## Task to complete
Begin with the first line below and retype each line exactly through the line containing "Retro babymand op". Any pictures are to be left out.

## Data for the task
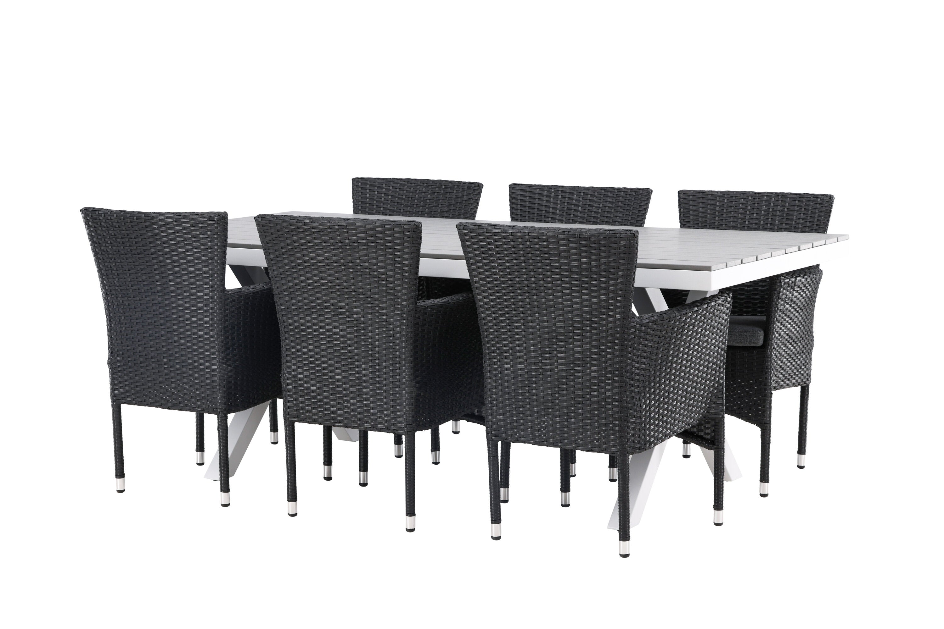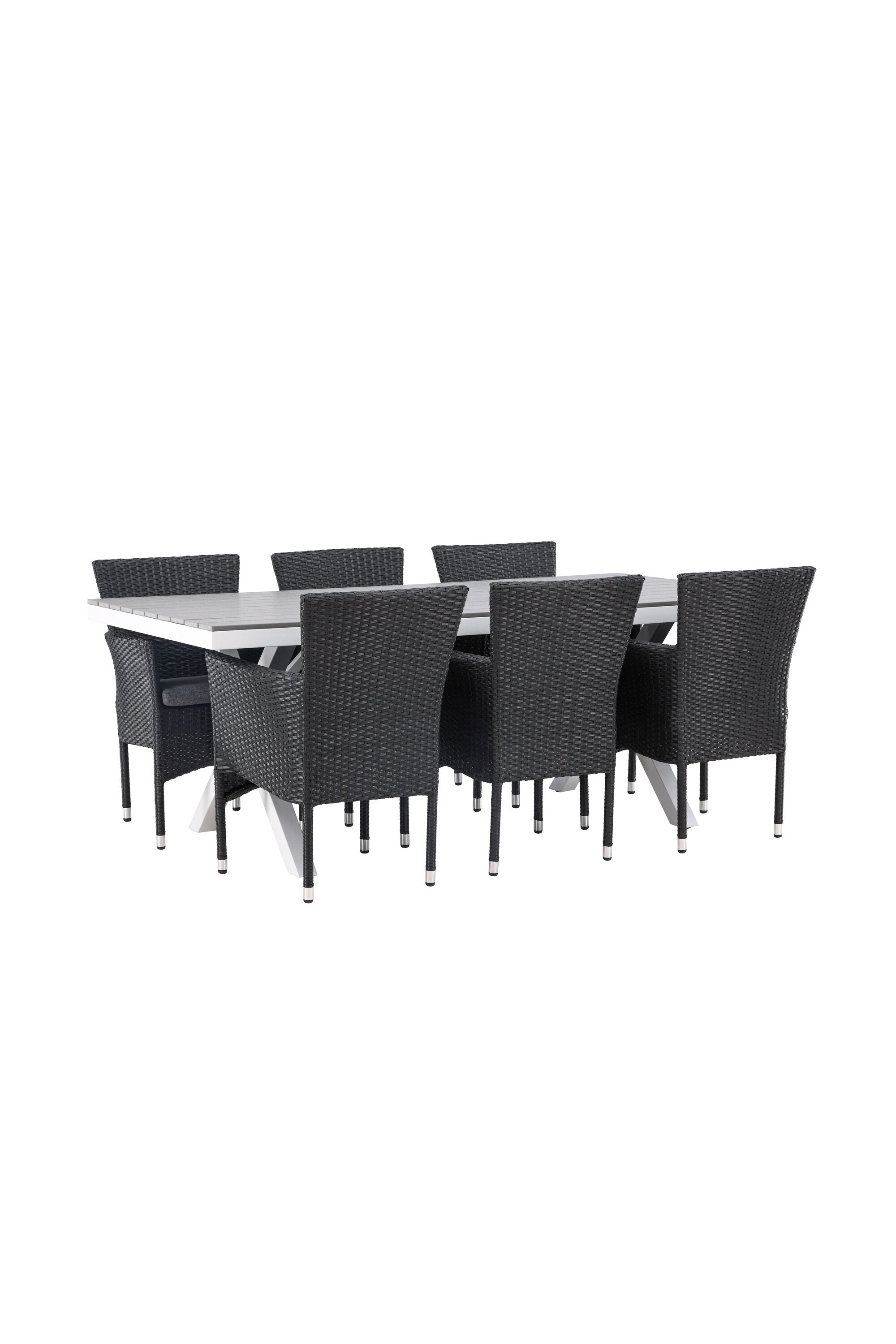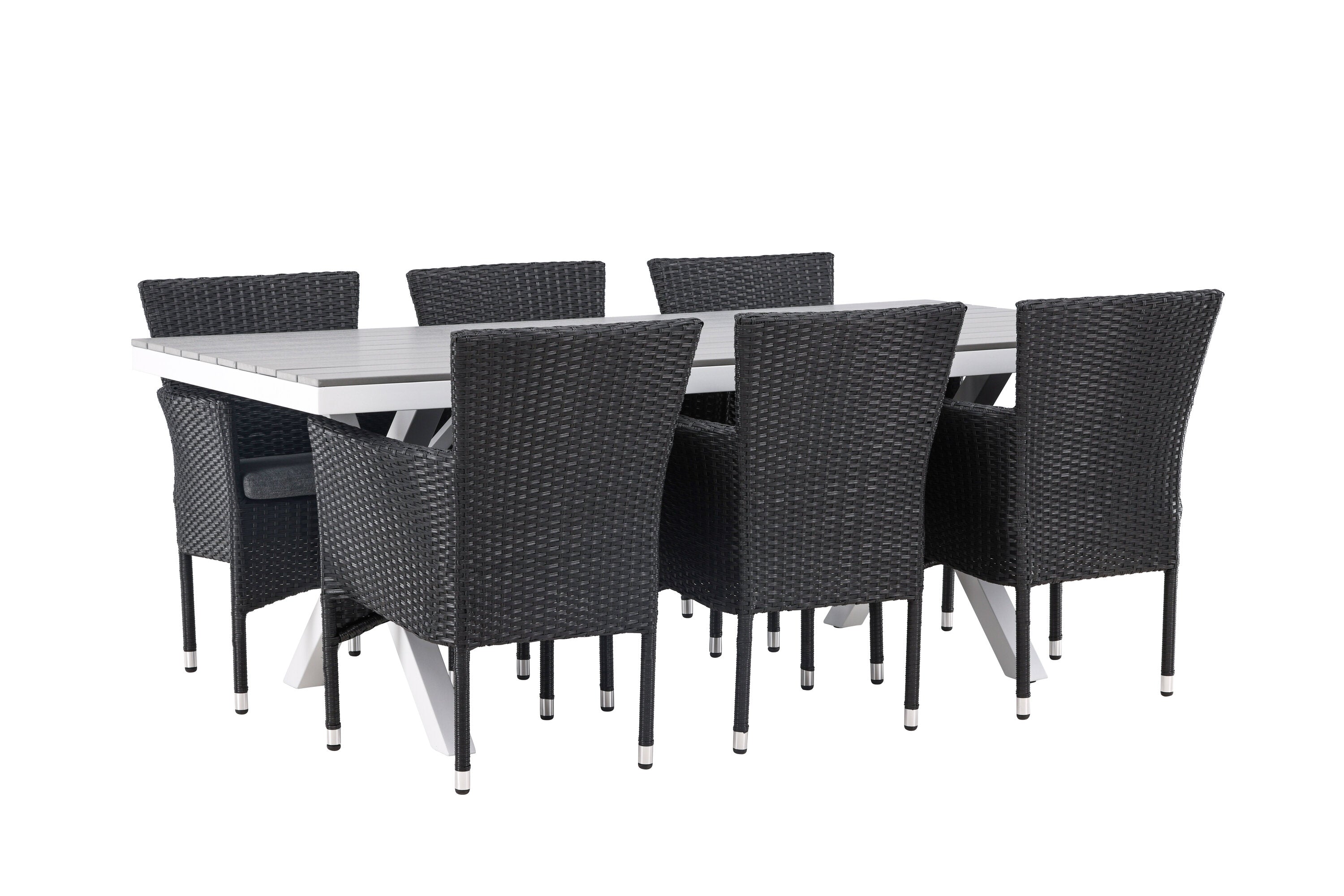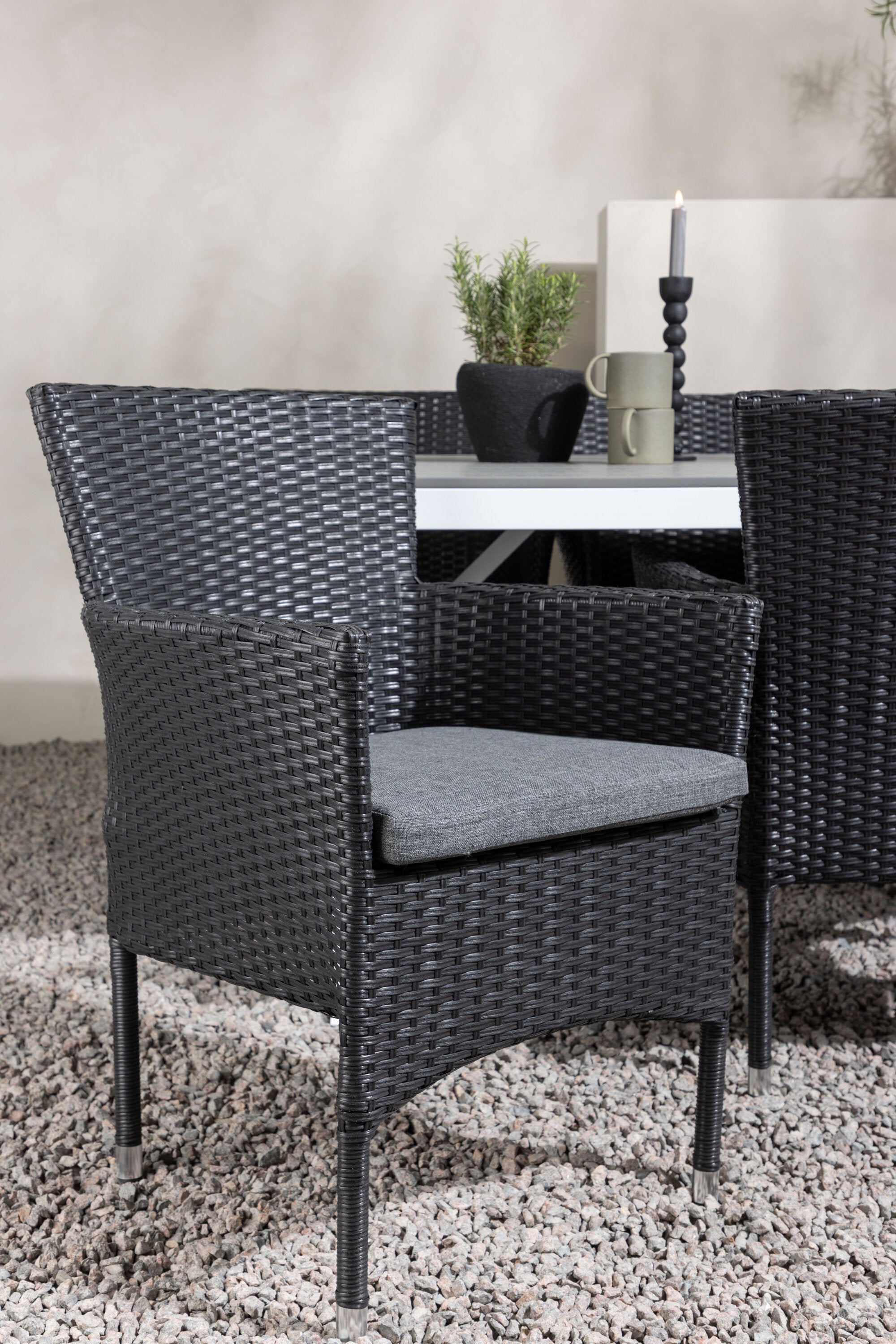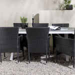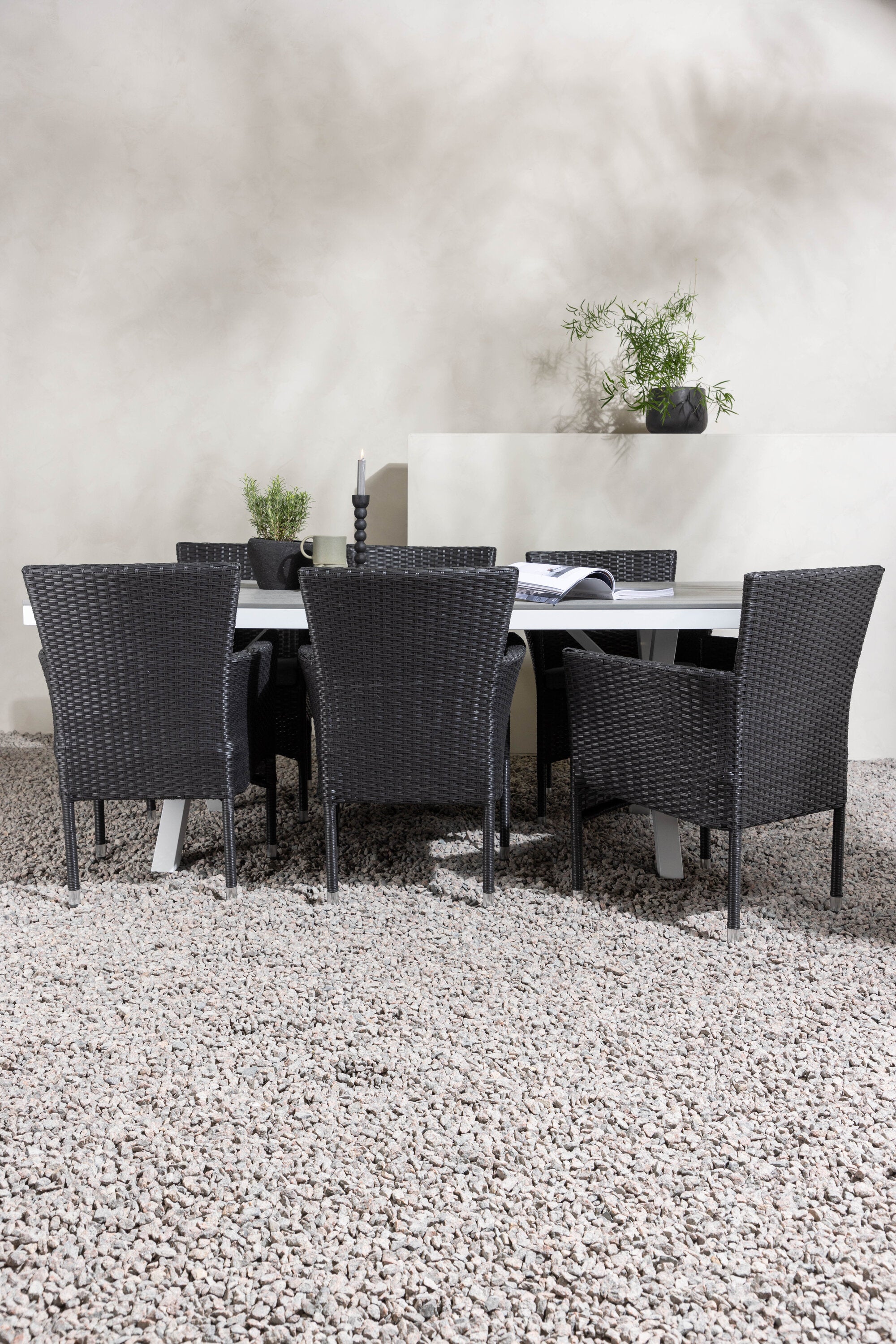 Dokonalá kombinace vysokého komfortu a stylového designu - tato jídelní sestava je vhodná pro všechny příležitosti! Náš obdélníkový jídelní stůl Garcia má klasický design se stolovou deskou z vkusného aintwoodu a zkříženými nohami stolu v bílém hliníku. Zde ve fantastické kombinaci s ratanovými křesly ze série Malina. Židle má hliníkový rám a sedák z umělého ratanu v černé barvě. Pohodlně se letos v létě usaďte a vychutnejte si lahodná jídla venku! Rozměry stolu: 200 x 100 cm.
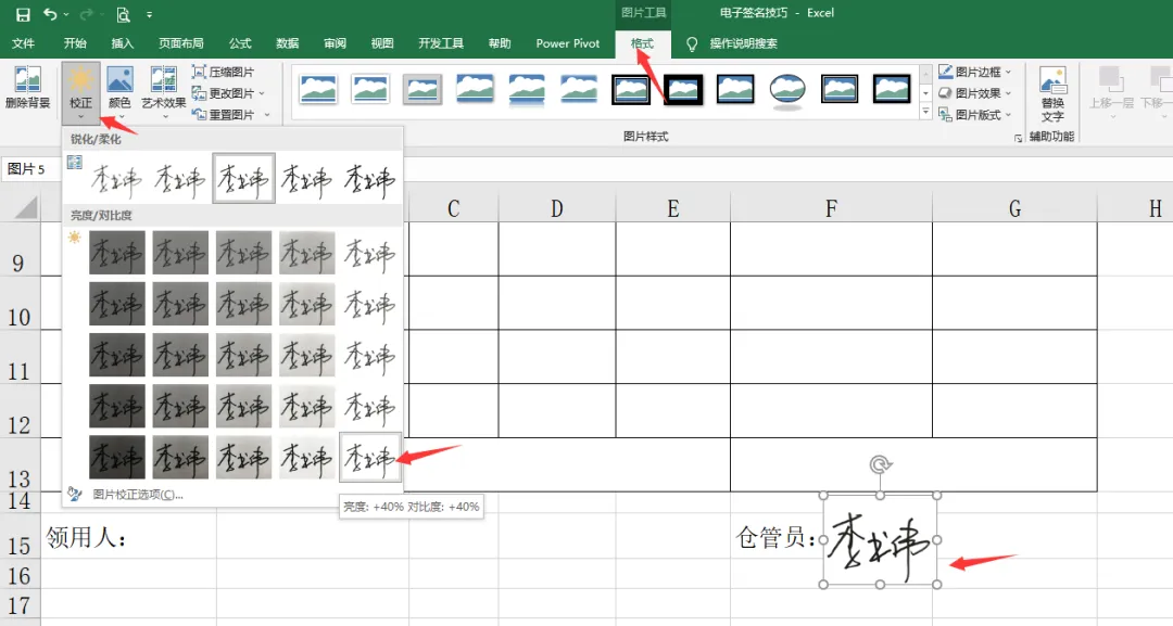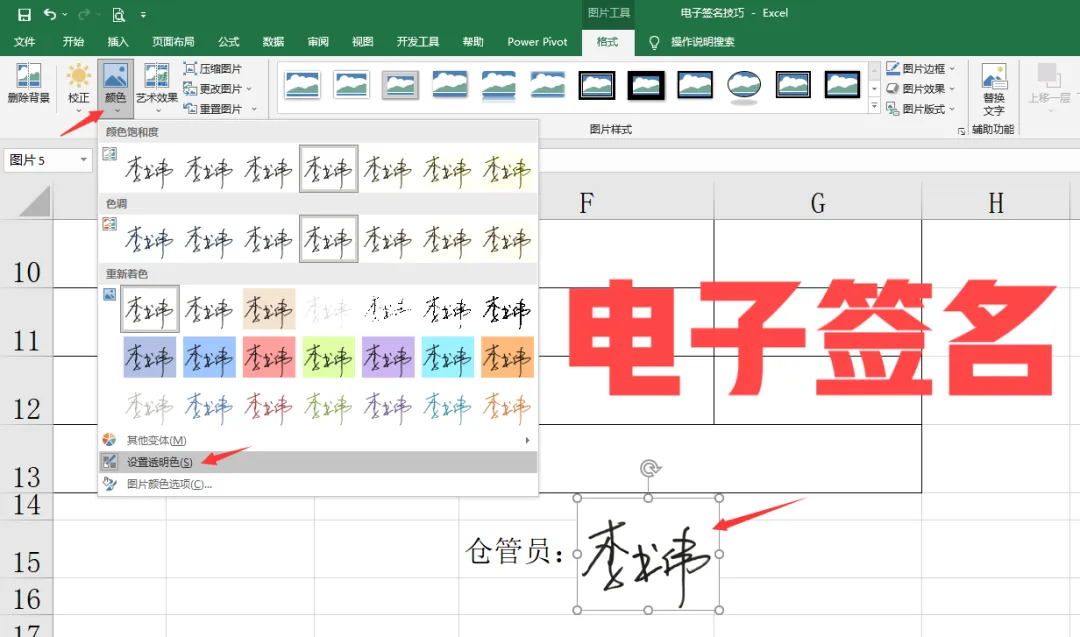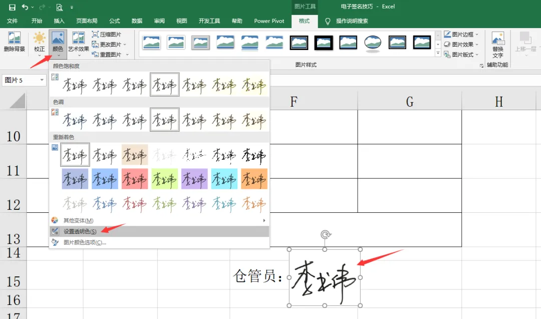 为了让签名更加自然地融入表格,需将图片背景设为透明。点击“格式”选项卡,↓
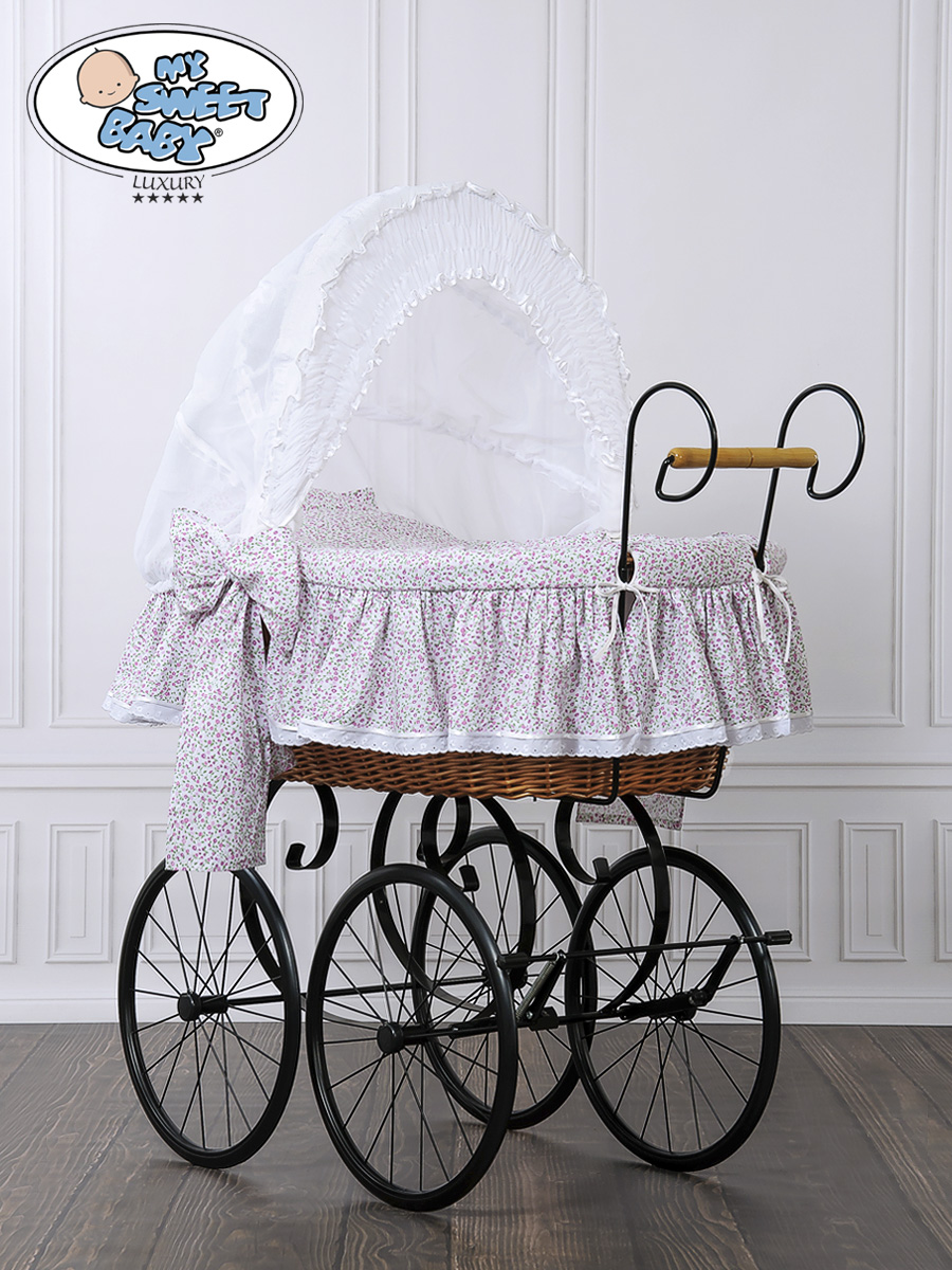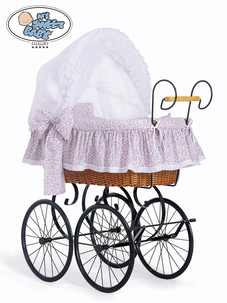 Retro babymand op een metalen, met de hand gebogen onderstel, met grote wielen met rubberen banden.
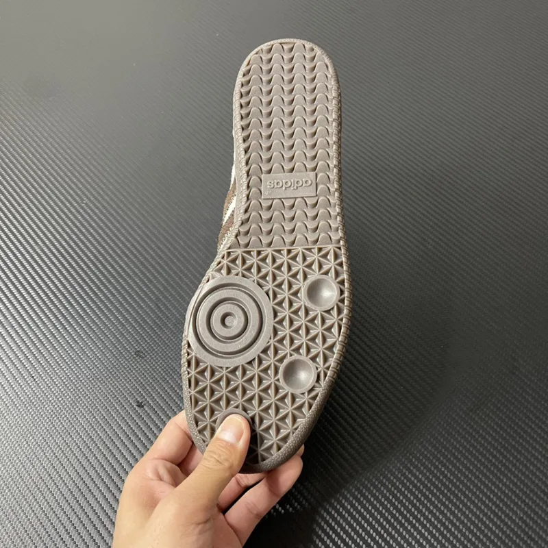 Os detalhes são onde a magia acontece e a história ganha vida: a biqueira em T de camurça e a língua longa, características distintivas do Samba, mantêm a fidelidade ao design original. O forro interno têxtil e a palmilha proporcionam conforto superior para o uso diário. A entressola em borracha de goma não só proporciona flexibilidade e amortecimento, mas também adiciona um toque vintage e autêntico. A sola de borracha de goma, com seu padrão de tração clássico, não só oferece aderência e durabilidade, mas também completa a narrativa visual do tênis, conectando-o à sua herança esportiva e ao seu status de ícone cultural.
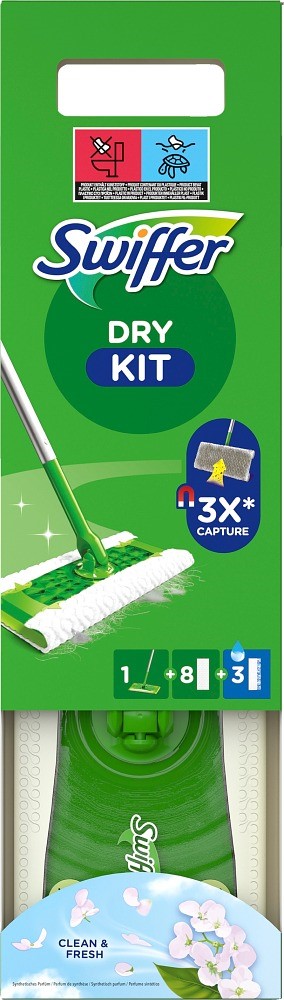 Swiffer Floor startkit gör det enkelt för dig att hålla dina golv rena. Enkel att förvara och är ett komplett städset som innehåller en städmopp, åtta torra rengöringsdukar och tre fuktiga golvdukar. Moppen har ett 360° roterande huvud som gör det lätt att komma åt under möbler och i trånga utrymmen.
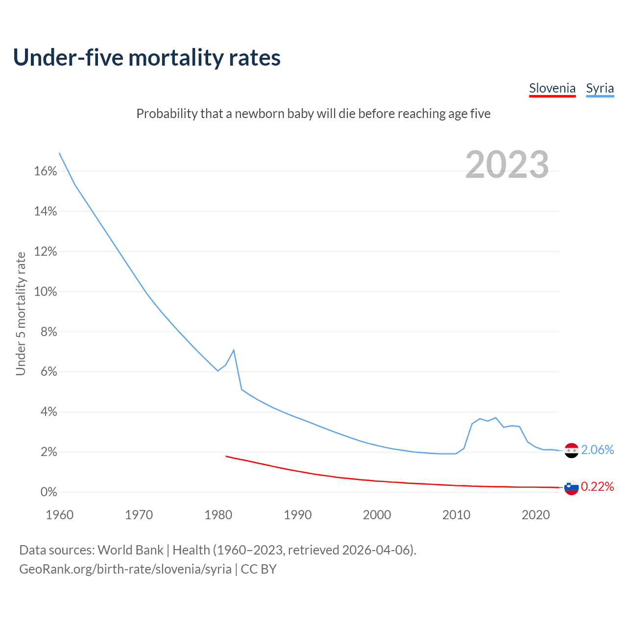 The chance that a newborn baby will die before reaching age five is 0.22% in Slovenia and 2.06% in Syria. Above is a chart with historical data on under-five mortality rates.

## Result of the task
 Dokonalá kombinace vysokého komfortu a stylového designu - tato jídelní sestava je vhodná pro všechny příležitosti! Náš obdélníkový jídelní stůl Garcia má klasický design se stolovou deskou z vkusného aintwoodu a zkříženými nohami stolu v bílém hliníku. Zde ve fantastické kombinaci s ratanovými křesly ze série Malina. Židle má hliníkový rám a sedák z umělého ratanu v černé barvě. Pohodlně se letos v létě usaďte a vychutnejte si lahodná jídla venku! Rozměry stolu: 200 x 100 cm.
 为了让签名更加自然地融入表格,需将图片背景设为透明。点击“格式”选项卡,↓
 Retro babymand op een metalen, met de hand gebogen onderstel, met grote wielen met rubberen banden.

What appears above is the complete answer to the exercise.